En parlant de grands désastres qui à certaines époques apparaissent également, les tremblemens de terre, les avalanches, l’auteur rappelle des dates bien connues; mais au lieu de citer les vieux livres, pourquoi ne pas être de son temps? L’affreux tremblement de terre qui, il y a quelques années, a entièrement anéanti au pied des Andes, dans la République Argentine, la ville de Mendoza, engloutissant tous ses habitans sous des amas de décombres en une nuit, les violentes secousses non moins terribles qui vers la même époque ont ébranlé la Calabre, semant partout la ruine et la mort, ouvrant dans le sol de profondes fissures, gouffres encore béans, c’étaient là des phénomènes qui pouvaient être rappelés par l’auteur : il n’en dit mot, tout est passé inaperçu pour lui ; mais il nous raconte en grands détails le tremblement de terre de Lisbonne, que tout le monde connaît, il y joint des dessins de l’époque faits à plaisir.

À ce sujet, qu’il nous soit permis de faire une dernière observation à M. Figuier et à quelques autres de ses confrères, trop préoccupés de l’amusement des lecteurs. Les dessins ou plutôt les images dont on a l’habitude d’enluminer certains livres prétendus scientifiques n’ont de valeur qu’autant qu’ils sont exacts. Des vues audacieuses de volcans où, en pleine éruption, des curieux sont penchés sur l’abîme en porte-à-faux, des vues imaginaires de cavernes, de cascades, de tremblemens de terre, sont autant de tableaux fantastiques, et forment de véritables caricatures de paysages, un genre encore inconnu jusqu’ici.
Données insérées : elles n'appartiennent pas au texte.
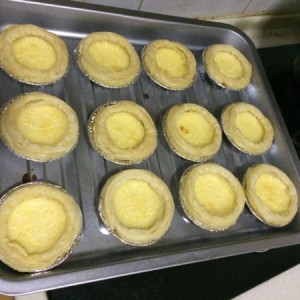 淡奶油和牛奶和糖混合,两个蛋黄和低筋粉混合。然后把两者混合。分装到12个蛋挞里
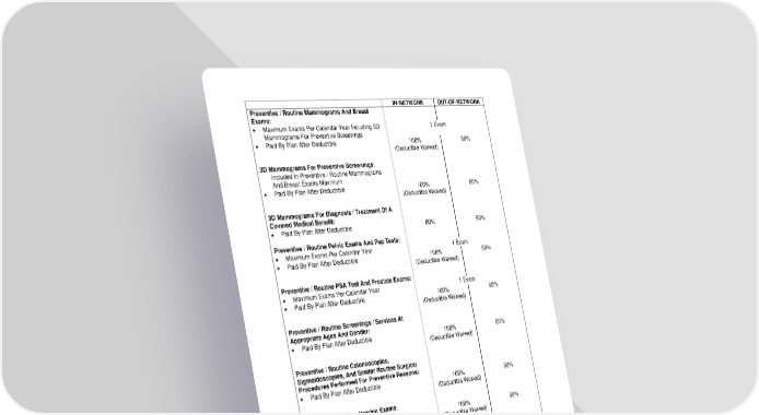 IN-NETWORK OUT-OF-NETWORK Preventive / Routine Mammograms And Breast Exams: • Maximum Exams Per Calendar Year Including 3D 1 Exam Mammograms For Preventive Screenings • Paid By Plan After Deductible 100% 60% (Deductible Waived) 3D Mammograms For Preventive Screenings: Included In Preventive / Routine Mammograms And Breast Exams Maximum • Paid By Plan After Deductible 100% 60% (Deductible Waived) 3D Mammograms For Diagnosis / Treatment Of A Covered Medical Benefit: • Paid By Plan After Deductible 80% 60% Preventive / Routine Pelvic Exams And Pap Tests: • Maximum Exams Per Calendar Year 1 Exam • Paid By Plan After Deductible 100% 60% (Deductible Waived) Preventive / Routine PSA Test And Prostate Exams: • Maximum Exams Per Calendar Year 1 Exam • Paid By Plan After Deductible 100% 60% (Deductible Waived) Preventive / Routine Screenings / Services At Appropriate Ages And Gender: • Paid By Plan After Deductible 100% 60% (Deductible Waived) Preventive / Routine Colonoscopies, Sigmoidoscopies, And Similar Routine Surgical Procedures Performed For Preventive Reasons: • Paid By Plan After Deductible 100% 60% (Deductible Waived) Preventive / Routine Hearing Exams: • Paid By Plan After Deductible 100% 60% (Deductible Waived) Preventive / Routine Eye Exams And Glaucoma Testing: • Maximum Exams Per Calendar Year 1 Exam • Paid By Plan After Deductible 100% 60% (Deductible Waived) Preventive / Routine Counseling For Alcohol Or Substance Use Disorder, Tobacco / Nicotine Use, Obesity, Diet, And Nutrition: • Paid By Plan After Deductible 100% 60% (Deductible Waived) -26- 7670-00-413597
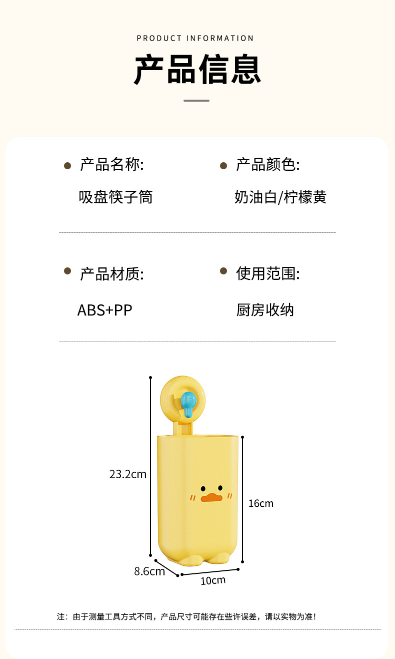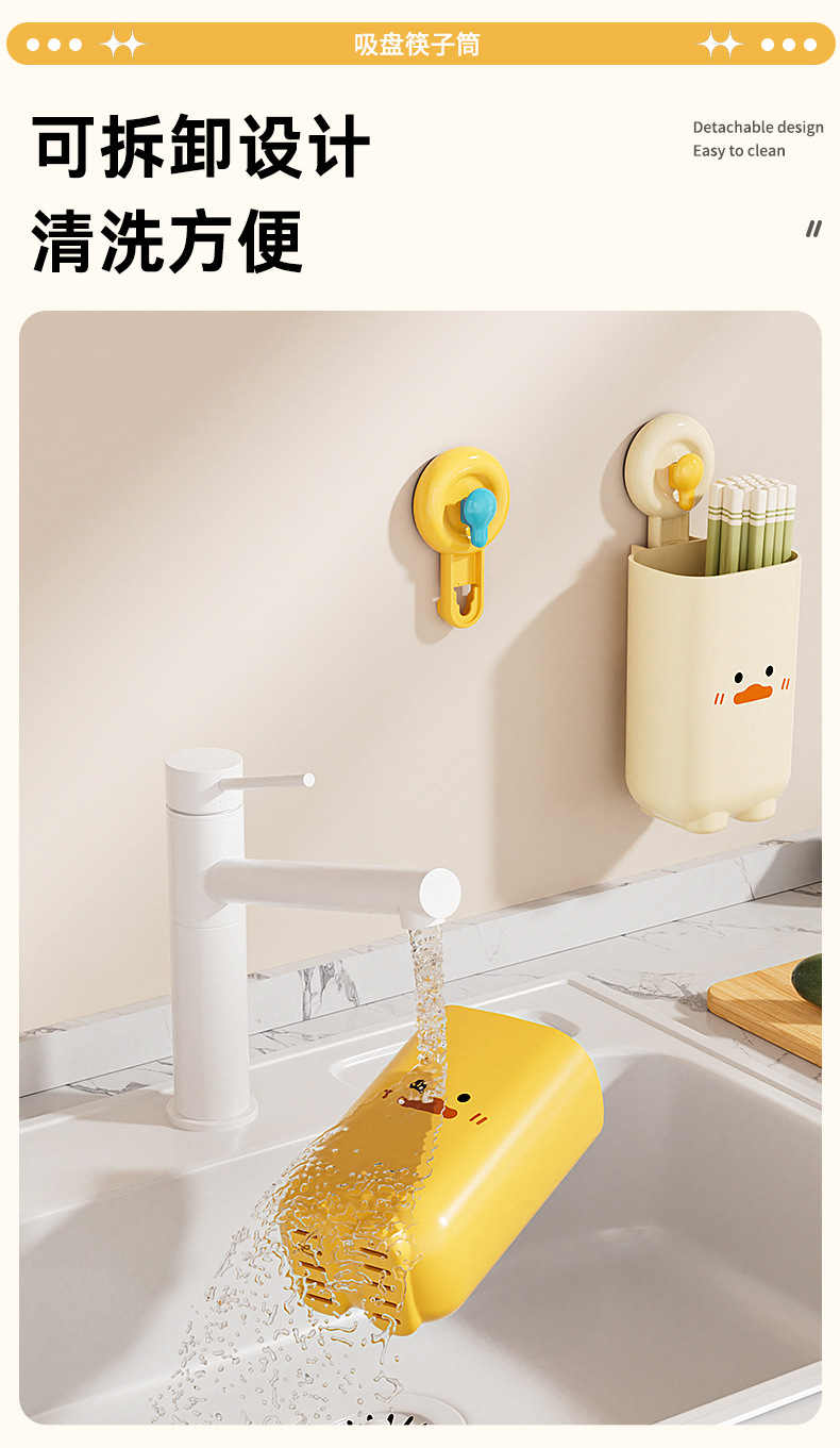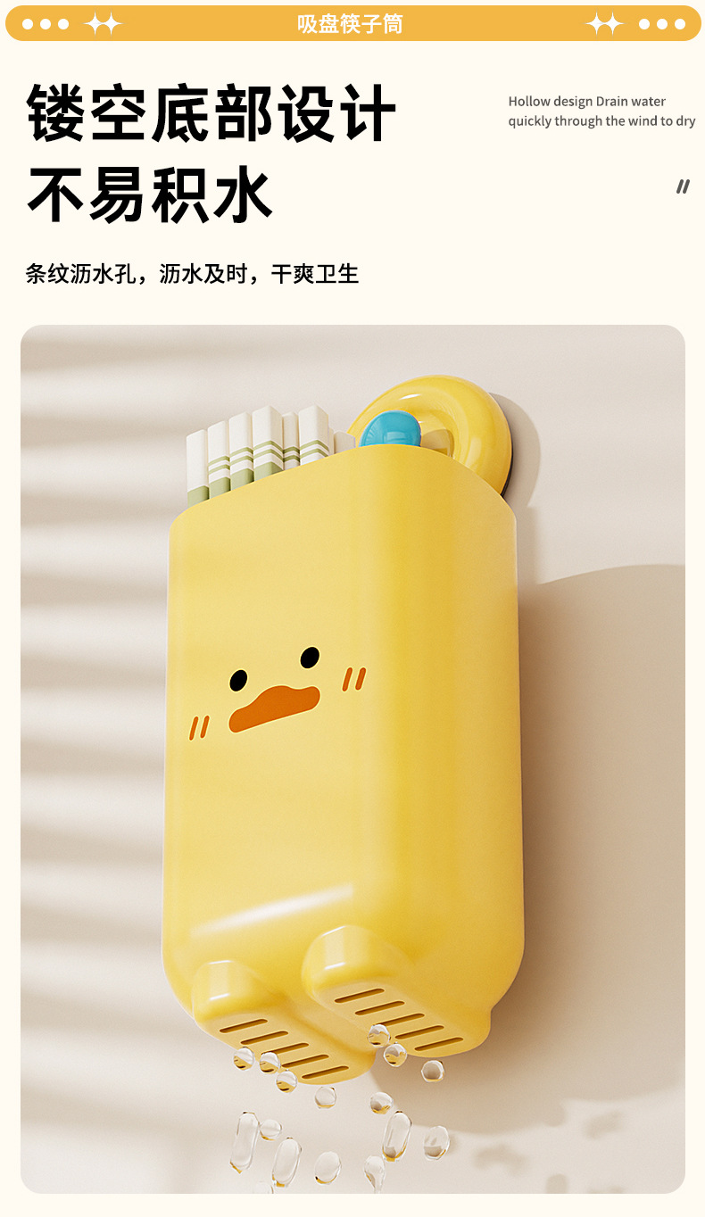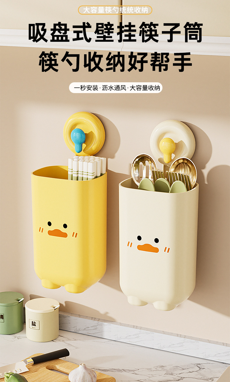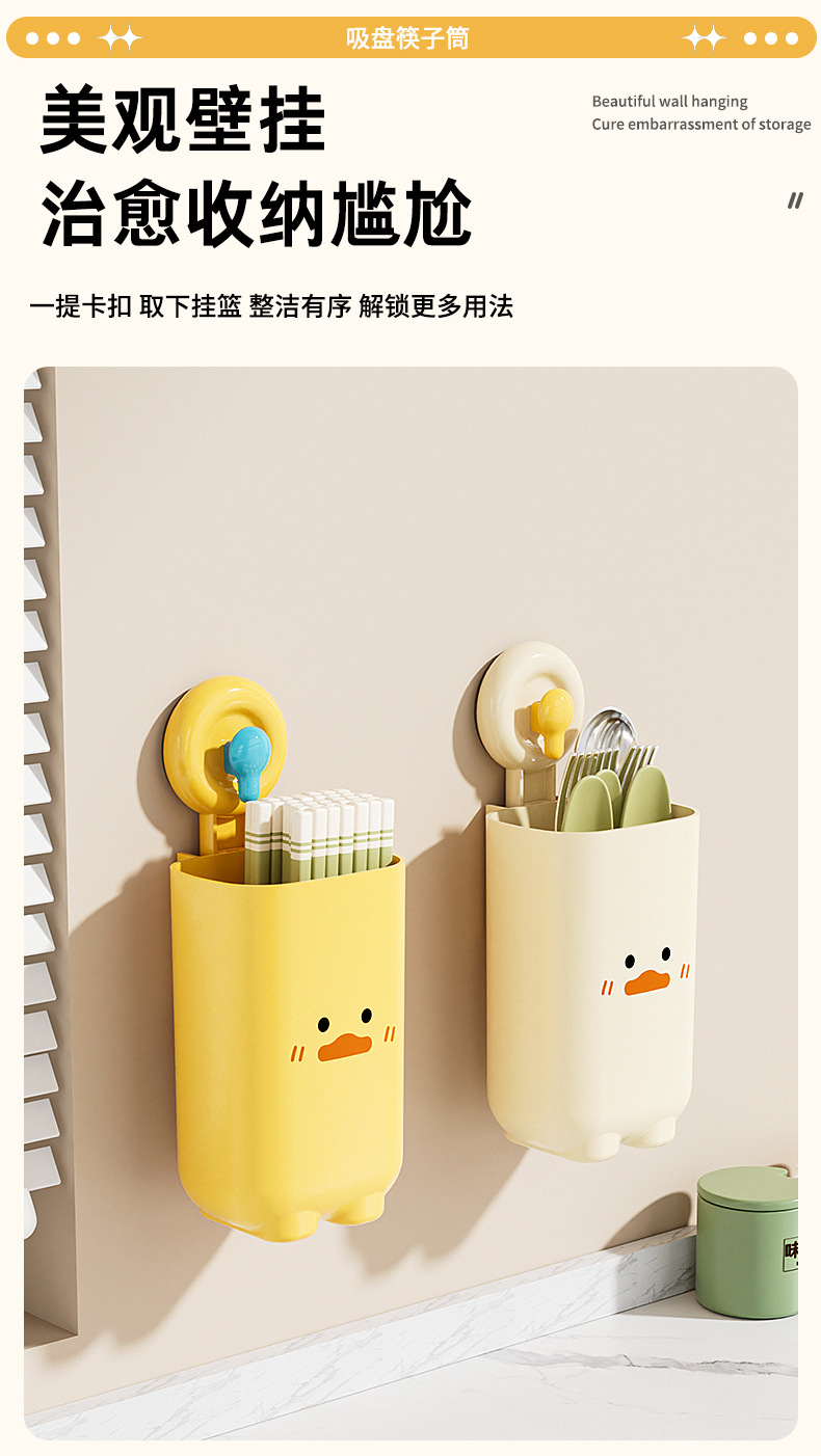 • 商品名称:卡通厨房吸盘壁挂叉勺筷子筒 多用途加高镂空收纳盒--奶油白

La nature, toujours grandiose, toujours belle dans ses créations, toujours sublime même dans ses plus terribles phénomènes, ne mérite pas que le crayon la reproduise si maladroitement, et c’est faire acte de bien mauvais goût que de nous la figurer sous des dehors aussi grotesques.

Dans un de ses précédens ouvrages, la Terre avant le déluge, M. Figuier prêtait le flanc aux mêmes critiques que celles que nous venons de formuler. Son livre a été revu depuis par quelques-uns des maîtres de la science, et aujourd’hui, sauf les vues idéales de paysages de l’ancien monde, restées malheureusement les mêmes, l’œuvre est à peu près exempte d’erreurs. Nous engageons l’auteur à faire également réviser la Terre et les Mers par nos voyageurs et nos marins, par ceux qui savent la géographie pour l’avoir apprise sur le globe, et une partie des erreurs que nous n’avons fait qu’indiquer rapidement disparaîtront ainsi de l’ouvrage. Moins de précipitation, moins de compilation ou au moins une compilation plus lente, plus intelligente, enfin un peu plus de cet esprit de critique et d’examen qui nous vaut les bons livres de science, c’est ce que M. Figuier nous permettra d’attendre de lui dans les prochains et nombreux ouvrages qu’il annonce comme devant faire suite à leurs aînés.


L. SIMONIN


V. DE MARS.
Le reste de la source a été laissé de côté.